Your approach to church online is going to be unique to you. Styles will vary, but here are two main options for how to pull off an online experience.

1. Record & Upload

This is a simpler starting point. Pulling off a service live online requires a lot and leaves room for error. A good place to start is to record a service ahead of time, edit and upload. This gives you flexibility on time and location, allows you to use a wider variety of equipment, and enables you to edit and refine your product before releasing it into the world. Pre-recording eliminates the need for some of the higher-end broadcast equipment. You can shoot on film cameras and fix any errors in post. You can clean up and improve audio before releasing. This is especially helpful when capturing a full band. It is very challenging—if not impossible—to match the quality of edited audio on a live stream. Pre-recording can help to improve quality and eliminate errors across the board.
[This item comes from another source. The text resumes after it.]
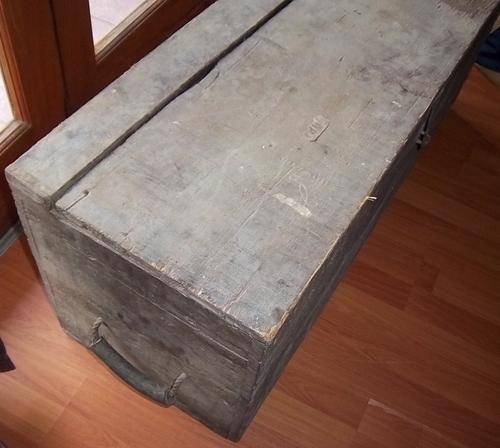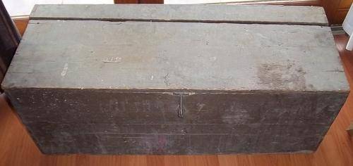 A VINTAGE OREGAN KIST. A VERY NICE PIECE. NEEDS TO BE RESTORED. THE LID IS LOOSE BUT IT LOOKS LIKE IT HAS TO BE LIKE THAT. SOLD AS IS.

The main drawback to this approach is that it adds a lot of hours to the process. When streaming live, you have to live with things that you would change if you could. When given the option, your instinct is always going to be to fix anything that you can. With this approach, the end of your capture is just the beginning of the process. Video editing, color correction, vocal tuning, audio mixing, etc. all take time. Each video draft requires a render that may take hours. Small mistakes can cause big delays. This option may be more accessible, but it is less efficient than the alternative.

2. Capture & Livestream

The second option is to stream your service live. This approach requires more equipment, preparation, and training, but is the more efficient strategy. Streaming live removes the hours that your team would invest in editing, but demands that everything is ready to go when your stream begins. It leaves little margin for error, so preparation is key.

You will need to use broadcast cameras and lighting. Both are critical. Great cameras with bad lighting produce a poor result. Good lighting can’t fix bad camerawork. For audio, you will need to set up a separate stream mix. Mixing for the room is completely different to mixing for the stream. Those levels won’t translate from one to the other. At VOUS, we have a stream console backstage with a separate engineer, but you can use matrices to produce a stream mix without running a separate console. One key to a good stream mix is to capture audio in a controlled environment. The more you can reduce noise and capture clean audio, the better. In order to improve our stream mix, we have switched to using Kemper guitar amp profilers and have recently started using a drum shield.

In order to stream your service live online, you will need to use an encoding service. Encoding is the process of taking a video file and converting it into a streamable format. We do this through Resi—which has a great dashboard and good customer support—but there are other options out there. The encoding process requires some hardware, which you can either purchase or lease, depending on which service you use. Once your video is encoded, you will be able to select your streaming platforms. We currently stream our services in three places—YouTube, Facebook, and Zoom. Each platform comes with its benefits and reaches a distinct audience. Live streaming is a challenge, but it is worth the effort.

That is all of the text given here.